The district court acknowledged that acting in a manner inconsistent with

economic self-interest absent collusion is a plus factor. Order 86. But it held that

no such plus factor was established here because the “overwhelming evidence before

the Court reflects Defendants’ subjective beliefs that there were valid reasons to

impose a first-bag fee, including Defendants’ need for revenue during an economic

downturn.” Order 89. This conclusion is unsupportable.

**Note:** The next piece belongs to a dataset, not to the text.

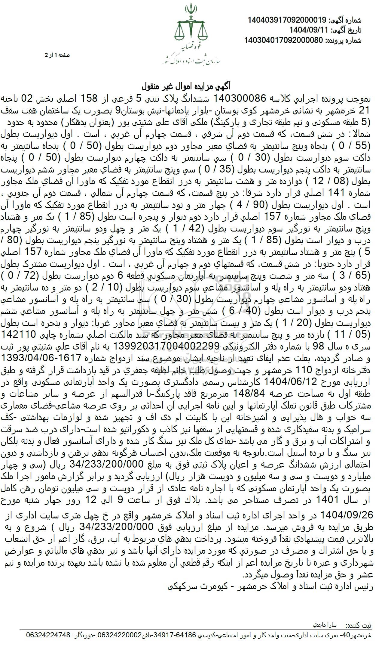بموجب پرونده اجرایی کلاسه 140300086 ششدانگ پلاک ثبتی 5 فرعی از 158 اصلی بخش 02 ناحیه 21 خرمشهر به نشانی خرمشهر کوی بوستان - بلوار یادمانها نبش بوستان 9 بصورت یک ساختمان هفت سقف 5) طبقه مسکونی و نیم طبقه تجاری و پارکینگ ملکی آقای علی شتیتی پور بعنوان بدهکار محدود به حدود شمالا در شش قسمت که قسمت دوم آن شرقی ، قسمت چهارم آن غربی، است. اول دیواریست بطول (55 . 0 ) پنجاه وپنج سانتیمتر به فضای معبر مجاور دوم دیواریست بطول 50 . 0 ) پنجاه سانتیمتر به داکت سوم دیواریست بطول 30 . 0 ) سی سانتیمتر به داکت چهارم دیواریست بطول (50 . 0 ) پنجاه سانتیمتر به داکت پنجم دیواریست بطول 35 . 0 ) سی وینج سانتیمتر به فضای معبر مجاور ششم دیواریست بطول (08 . 12 ) دوازده متر و هشت سانتیمتر به درز انقطاع مورد تفکیک که ماورا آن فضای ملک مجاور شماره 141 اصلی قرار دارد شرقا در پنج قسمت که قسمت چهارم آن شمالی ، قسمت دوم آن جنوبی . است. اول دیواریست بطول 90 . 4 ) چهار متر و نود سانتیمتر به درز انقطاع مورد تفکیک که ماورا آن فضای ملک مجاور شماره 157 اصلی قرار دارد دوم دیوار و پنجره است بطول 85 . 1 ) یک متر و هشتاد وینج سانتیمتر به نورگیر سوم دیواریست بطول 42 . 1 ) یک متر و چهل و دو سانتیمتر به نورگیر چهارم درب و دیوار است بطول 85 . 1 ) یـ ) یک متر و هشتاد و پنج سانتیمتر به نورگیر پنجم دیواریست بطول 80 .(5) پنج متر و هشتاد سانتیمتر به درز انقطاع مورد تفکیک که ماورا أن فضای ملك مجاور شماره 157 اصلی قرار دارد جنوبا در شش قسمت که قسمتهای دوم و چهارم آن غربی، است. اول دیواریست مشترک بطول (65 . 3 ) سه متر و شصت و پنج سانتیمتر به آپارتمان مسکونی قطعه 6 دوم دیواریست بطول (72 . 0 ) هفتاد و دو سانتیمتر به راه پله و آسانسور مشاعی سوم دیواریست بطول 10 . 2 ) دو متر و ده سانتیمتر به راه پله و آسانسور مشاعی چهارم دیواریست بطول (30 . 0 ) سی سانتیمتر به راه پله و آسانسور مشاعی پنجم درب و دیوار است بطول (40 . 6) شش متر و چهل سانتیمتر به راه پله و آسانسور مشاعی ششم دیواریست بطول (20 . 1 ) یک متر و بیست سانتیمتر به فضای معبر مجاور عربا دیوار و پنجره است بطول 05 . 11 ) یازده متر و پنج سانتیمتر به فضای معبر مجاور که سند مالکیت اصلی بشماره چاپی 142110 سری 5 سال 98 با شماره دفتر الکترونیکی 139920317004002299 به نام آقای علی شتیتی پور ثبت و صادر گردیده بعلت عدم ایفای تعهد از ناحیه ایشان موضوع سند ازدواج شماره 1617-1393.04.06 دفترخانه ازدواج 110 خرمشهر و جهت وصول طلب خانم لطیفه جعفری در قید بازداشت قرار گرفته و طبق ارزیابی مورخ 1404.06.12 کارشناس رسمی دادگستری بصورت یک واحد آپارتمانی مسکونی واقع در طبقه اول به مساحت عرصه 148.84 متر مربع فاقد پارکینگ با قدر السهم از عرصه و سایر مشاعات و مشترکات طبق قانون تملک آپارتمانها و آیین نامه اجرایی آن احداثی بر روی عرصه مشاعی فضای معماری سه خواب و هال پذیرایی و آشپزخانه این با کابینت ام دی اف و تجهیز شده و لوازمات بهداشتی کف سرامیک و بدنه سفیدکاری شده و قسمتهایی از سقفها نیز کاذب و دکوراتیو شده است دارای درب ضد سرقت و اشتراکات آب و برق و گاز میباشد نمای کل ملک نیز سنگ کار شده و دارای آسانسور فعال و بدنه پلکان نیز سنگ و با نرده استیل است. با توجه به موقعیت ملک بدون احتساب هرگونه بدهی ترهین و بازداشتی و دیون احتمالی ارزش ششدانگ عرصه و اعیان پلاک ثبتی فوق به مبلغ 34.233.200.000 ریال سی و چهار میلیارد و دویست و سی و سه میلیون و دویست هزار ریال ارزیابی گردید و برابر گزارش مامور اجرا ملک بصورت یک واحد آپارتمان مسکونی که با اجاره نامه عادی از قرار دویست و سی میلیون تومان رهن کامل از سال 1401 در تصرف مستاجر میباشد پلاک فوق از ساعت 9 الی 12 روز چهار شنبه مورخ 1404.09.26 در واحد اجرای اداره ثبت اسناد و املاک خرمشهر واقع در خ چهل متری سایت اداری از طریق مزایده به فروش میرسد. مزایده از مبلغ ارزیابی فوق 34.233.200.000 ریال ) شروع و به بالاترین قیمت پیشنهادی نقدا فروخته میشود. پرداخت بدهی های مربوط به آب برق گاز اعم از حق انشعاب و یا حق اشتراك و مصرف در صورتی که مو
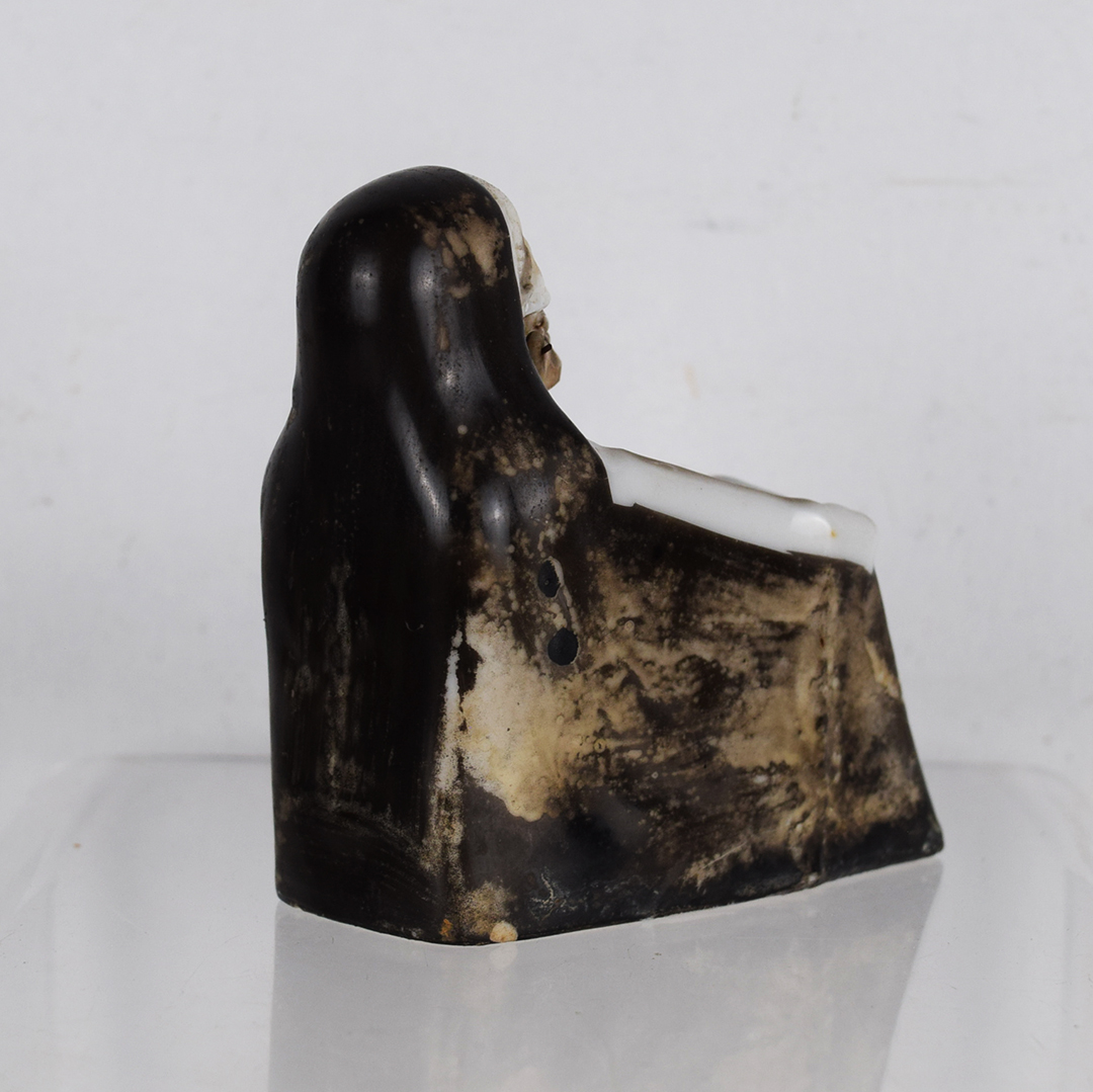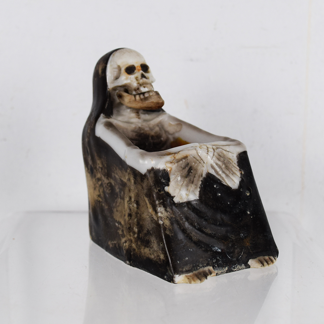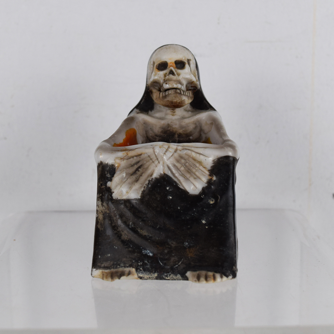 Add a spine-chilling touch to your collection with this 1950s skeleton ashtray, perfect for Halloween or a spooky conversation starter. It measures 3.5 inches tall, 2.5 inches wide, and 3.5 inches deep. The material is ceramic and painted in black and orange colors. The neat feature about this ashtray is that the jaw actually nods with movement and has the original wire that holds the jaw to the skull. It is marked “Made In Japan” on the bottom, with two casting holes. Some paint has faded over the years on the sides, and one foot is chipped slightly. 21443-EQI

First, the question was not whether Defendants had “valid reasons to impose

a first-bag fee.” Order 89. It is whether independently imposing the fee was in each

airline’s economic self-interest. Williamson Oil, 346 F.3d at 1310. And, as

discussed, Plaintiffs provided substantial evidence that each airline had concluded

that imposing the first bag fee would only increase net revenue if both acted together.

That being so, the fact that Defendants had a desperate “need for revenue during an

economic downturn,” Order 89, shows that they had an especially strong motive for

collusion, not that collusion was somehow implausible.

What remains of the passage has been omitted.